PUNGLI, KEKUASAAN DAN PELAYANAN PUBLIK
Pungutan liar adalah suatu tindakan meminta sejumlah uang yang tidak sesuai atau tidak berdasarkan peraturan yang berkaitan dengan pembayaran tersebut. Hal ini bisa disamakan dengan perbuatan pemerasan, penipuan atau korupsi. Pungli sangat erat kaitannya dengan pihak yang berprofesi sebagai pejabat negara yang menjadi aktor utama dari tindak kejahatan ini. Pungli dan pelayanan publik sebenarnya merupakan suatu hal yang sangat bertolak belakang, namun yang dijumpai saat ini tingkatan tertinggi dari kejahatan pungli terjadi pada sektor pelayanan publik itu sendiri.
Pungli di Indonesia bisa dikategorikan sebagai budaya bagi sebagian orang yang sudah terbiasa dengan hal ini. Baik bagi para pejabat yang juga ikut terlibat ataupun dari kalangan masyarakat yang mencoba untuk menyimpang dari prosedur yang sebenarnya. Instan, tanpa prosesedur pelayanan yang panjang dan melelahkan merupakan salah satu faktor yang menyebabkan masyarakat cenderung semakin toleran terhadap praktik pungutan liar dalam penyelenggaraan pelayanan publik.
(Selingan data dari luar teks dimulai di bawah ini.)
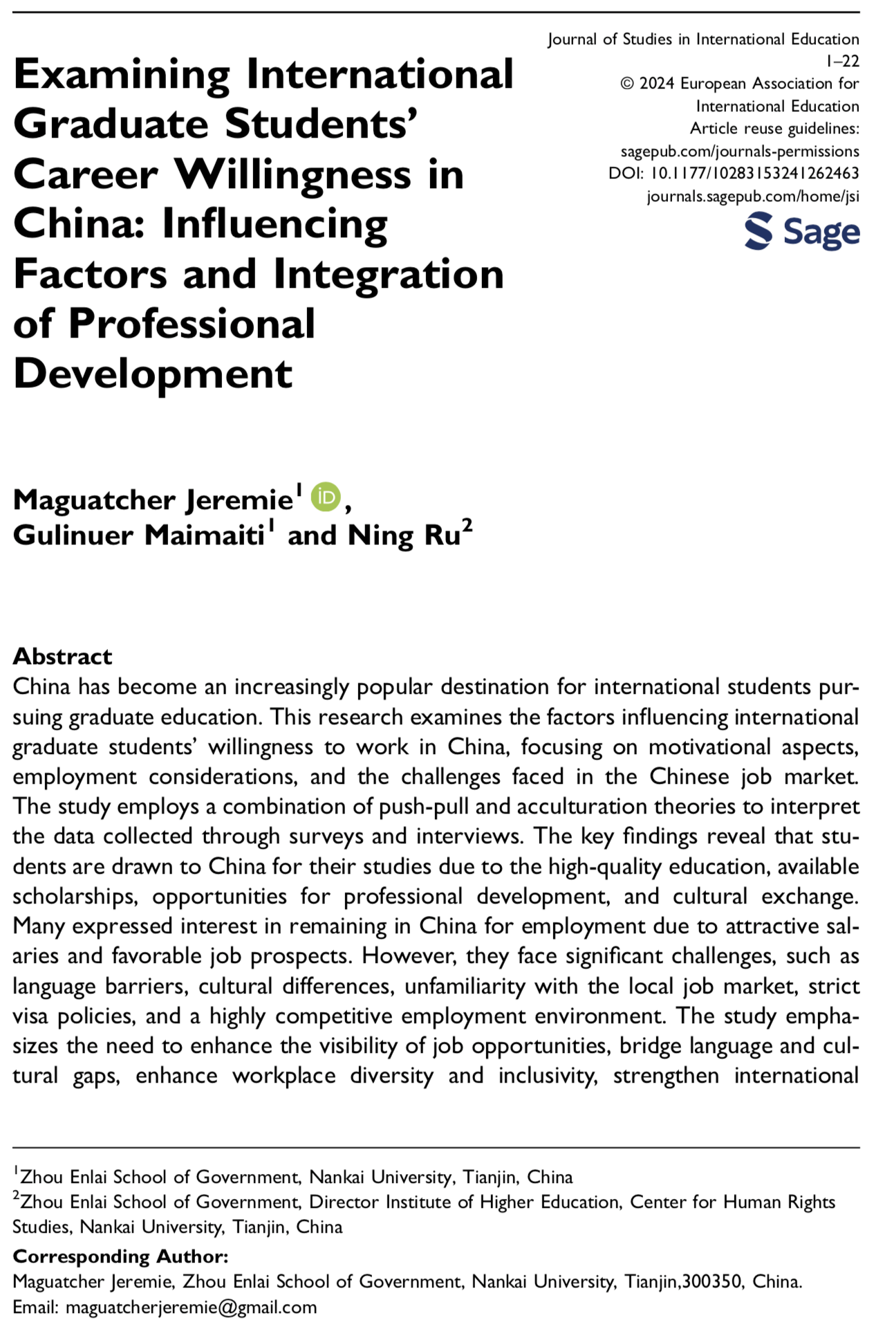 日前,我院师生在国际教育管理领域取得重要学术成果,学院博士留学生Maguatcher Jeremie、博士生古丽努尔·买买提与茹宁教授合作撰写的论文成功发表在国际核心英文期刊Journal of Studies in International Education上。

Dan pada sisi lain pungli juga dikatakan sebagai tindakan kejahatan jabatan di mana dalam konsep kejahatan jabatan, pejabat telah menyalahgunakan jabatannya untuk melakukan tindakan yang bersifat interferensi guna menguntungkan dirinya sendiri.
Undang-Undang dan konstitusi tentunya sangat menentang tindak kejahatan ini seperti yang tertuang dalam rumusan korupsi pada Pasal 12 huruf e UU No. 20 Tahun 2001 berasal dari Pasal 423 KUHP yang dirujuk dalam Pasal 12 UU No.31 Tahun 1999 sebagai tindak pidana korupsi, yang kemudian dirumuskan ulang pada UU No.20 Tahun 2001 (Tindak Pidana Korupsi), menjelaskan definisi pungutan liar adalah suatu perbuatan yang dilakukan pegawai negeri atau penyelenggara yang dengan maksud menguntungkan diri sendiri atau orang lain secara melawan hukum, atau dengan menyalahgunakan kekuasaannya memaksa seseorang memberikan sesuatu, membayar, atau menerima pembayaran dengan potongan, atau untuk mengerjakan sesuatu bagi dirinya sendiri.